As with Two Fat Ladies and Clarissa and the Countryman, the premise needs to be taken with a huge pinch of salt. It requires that the Bart and the Bounder continually vouchsafe to one another information about their past and about the country which, being old friends and countrymen, they must know perfectly well already. But they play the game with such gusto that you soon surrender to their charm and enjoy it all for the nonsense it is.
I dare say there were one or two suburban squeals over the scene where Daunt skewered and bent a dead pigeon so that it fitted correctly on to the cunning device a bit like a spinning washing line — which lures live pigeons to be shot. The programme-makers, though, deftly pre-empted any criticism by having Daunt explain just how much damage pigeons do to farmers’ crops and then tear open his victim’s crop to show the quantity of rape a single bird can gobble up.
The programme’s message, in other words, is: ‘You may think these people are brainless, fruity-voiced savages. But don’t you see they’re sensitive souls, really, at one with nature and proud guardians of our rural heritage?’ Nothing wrong with that thesis. It does, after all, have the virtue of being true and, God knows, authentic country tradition needs all the help it can get if it’s not to be swamped by Prescott housing estates, wind farms, Tesco hypermarkets and Blairite bans on anything that smacks of fun.
What bothers me, though, is the arrant hypocrisy of it all. Sure, the BBC’s happy enough to surf the wave now that country toffs fit into the all-important ‘endangered minority’ category and now that licencefee payers are beginning to ask, ‘Isn’t it about time we stopped metropolitan lefties trying to eradicate all those things that make Britain worth living in?’ But which organisation is it that has done so much to create this bien-pensant, anti-hunting, anti-country, anti-liberty, anti-tradition culture in the first place? Why the BB sodding C, of course.
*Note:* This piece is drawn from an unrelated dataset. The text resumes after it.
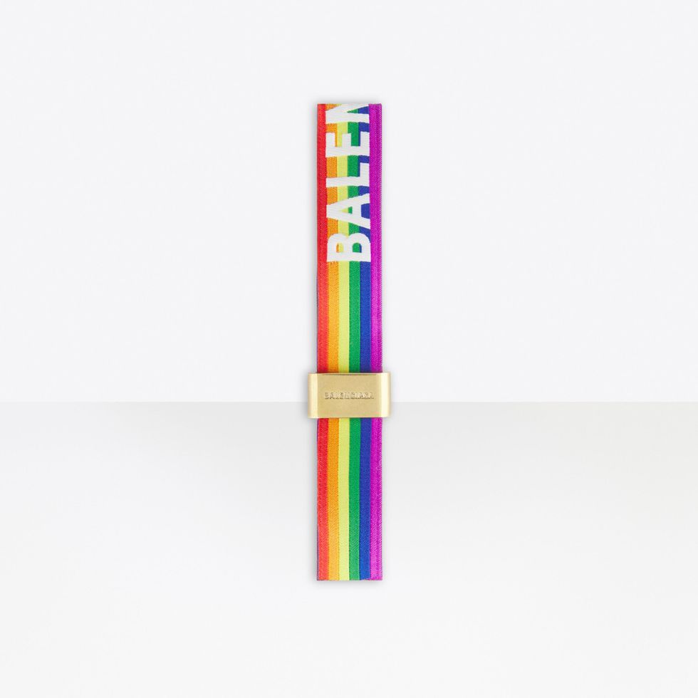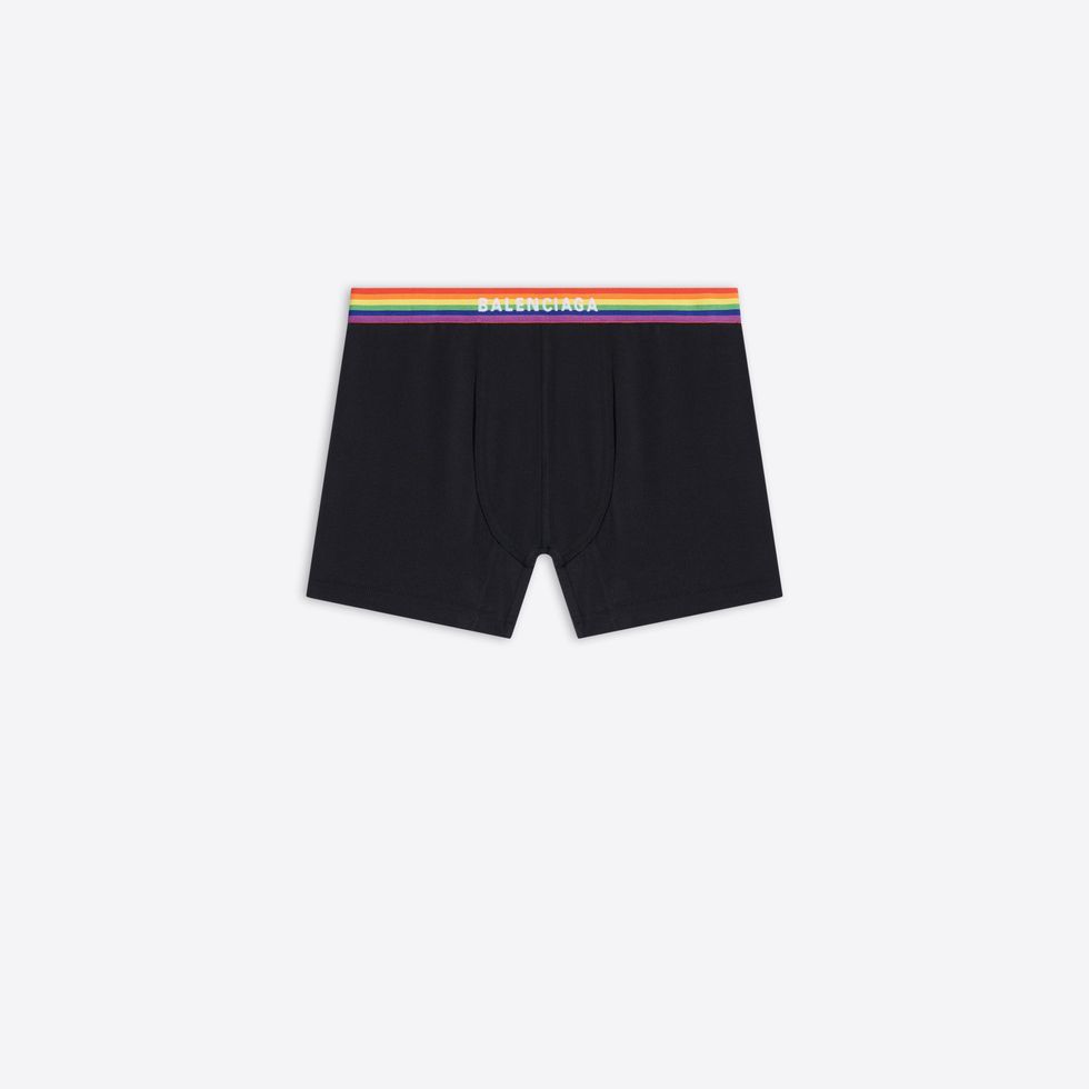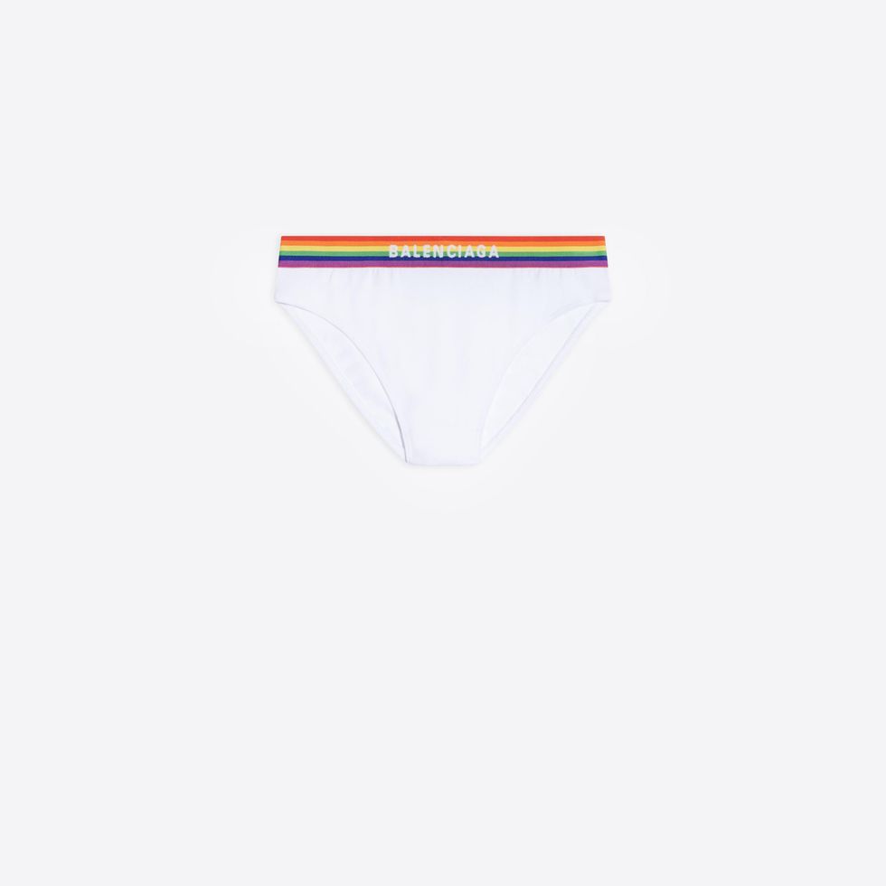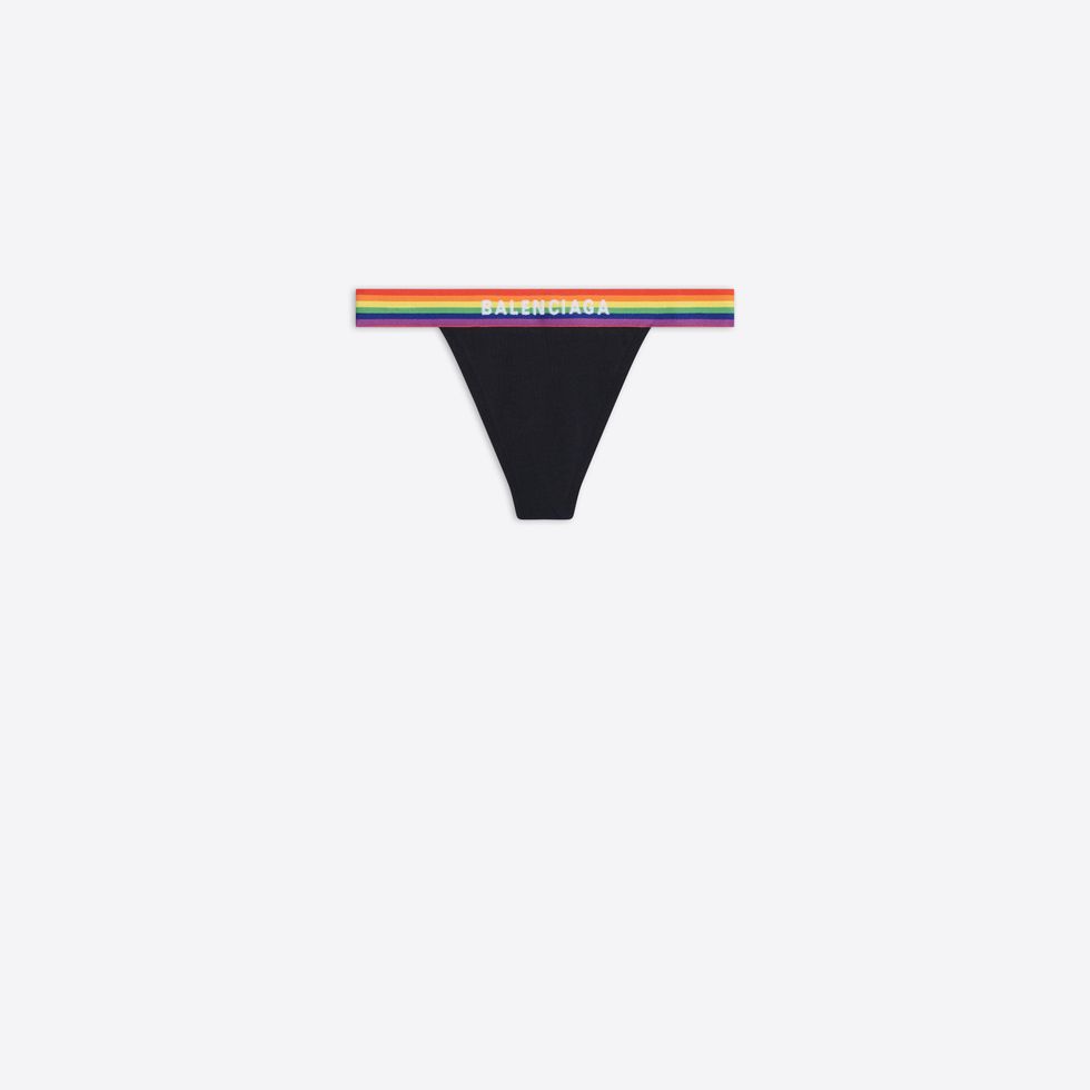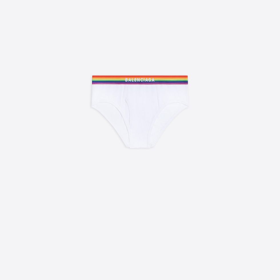 While we suspect the usual underwear-clad party-goers in Calvin Klein trunks, Versace briefs and Parke & Ronen speedos will undoubtedly return, there's now Balenciaga jockstraps entering the mix. Part of the brand's upcoming Pride collection launching in June, the jockstrap features a rainbow waistband with the brand's name emblazoned on the front.
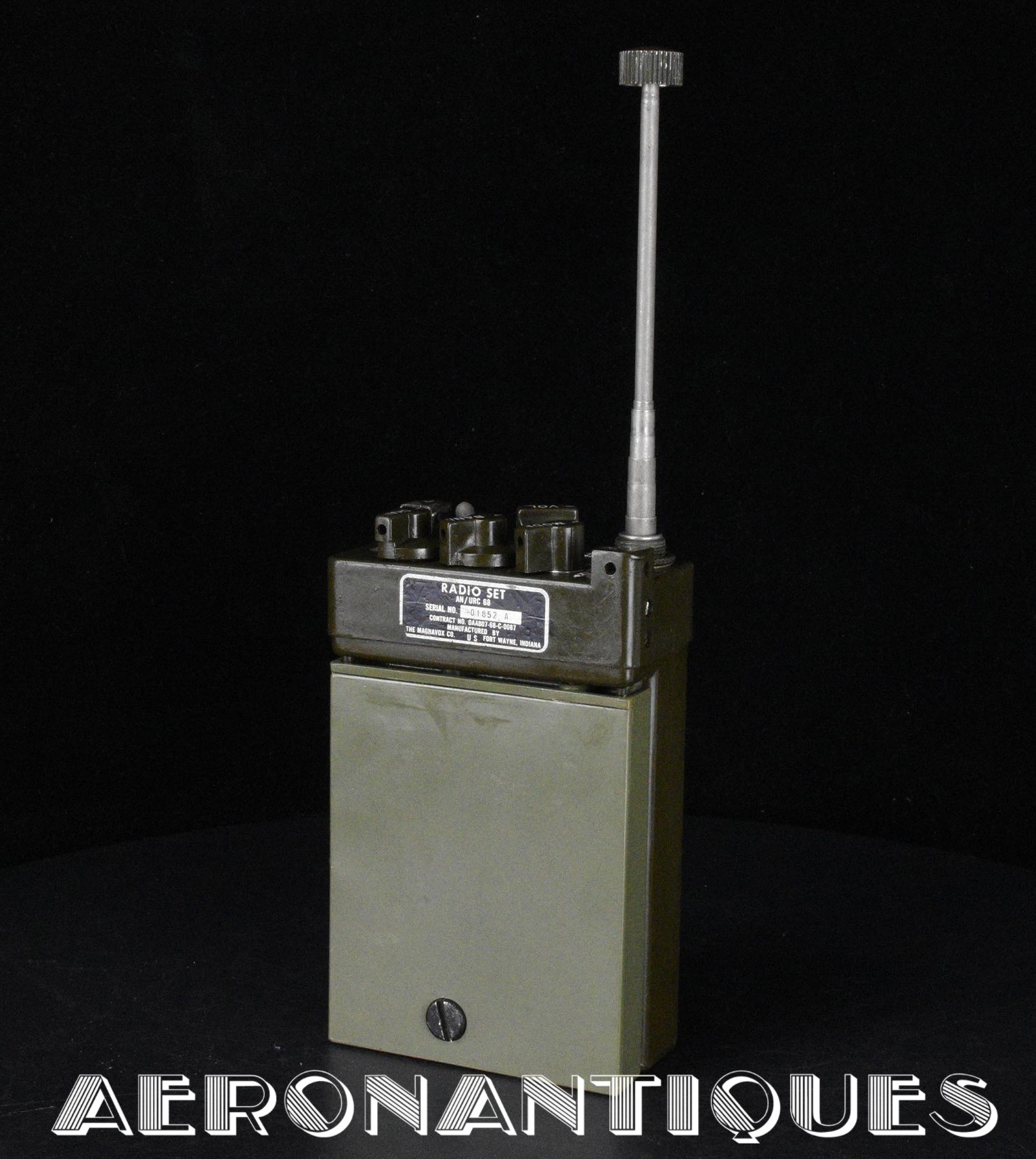 Très rare radio de survie pour pilotes de l'US Air Force et US Navy modèle URC-68 datée 1968 fabrication MAGNAVOX. Antenne rétractable. Avec sa rare batterie d'origine dans sa boîte d'origine. Cette radio produite à la fin des années 60 équipait les gilets de survie SRU-21 des pilotes de l'USAF ou SV-1/SV-2 de l'US Navy. Également utilisée par les pilotes de l'US Army et certaines unités des Forces Spéciales pendant la Guerre du Vietnam. Elle sera remplacée à partir du début des années 70 par la PRC-90.

Everyone’s watching The Armstrongs (BBC2, Wednesday) and going, ‘I can’t believe this is for real. No way is this real.’ And of course they’re absolutely right, because it isn’t. Yes, I know that the characters aren’t actors — it really is about the zany, stranger-than-fiction lives of John and Ann, the husband and wife team who run Coventry’s third largest double-glazing firm. But how much of this stuff would go on, do you think, if the cameras weren’t there?
The highlight of this week’s episode was the scene where the couple went to France to try to sell to a large firm of local glaziers some of their DIY conservatories — with John and Ann unable to speak French and apparently unaware that ‘conservatoire’ means ‘music academy’. When his attempts at French didn’t work, John decided that the best way forward was to speak in English but with an Inspector Clouseau accent.
You can well see why the couple were chosen for this comi-doc or docu-com or whatever the term is. They’re lovable and they’re very good at saying really idiotic things (‘The one-eyed man is something in the kingdom of the blind,’ announces John, sagely) in a completely straight-faced way. But I still have difficulties believing that a couple who’ve been in business nearly ten years and are earning enough to afford a newish Jag are yet so hilariously incompetent that they go into a French business meeting without first having sorted out the translation problem. All TV’s a construct, I know. But this one requires more suspension of disbelief than I’m prepared to muster.
The Apprentice is back and it’s not a game show, insists ‘Sir’ Alan Sugar (Simon Hoggart was so right last week: it does need inverted commas), it’s a chance to win a coveted position with one of Britain’s top businessmen. What, work for the irascible, humourless, New Labour-loving beardie behind loser Amstrad and loser Spurs? You’d need to pay me a lot more than six figures to do that.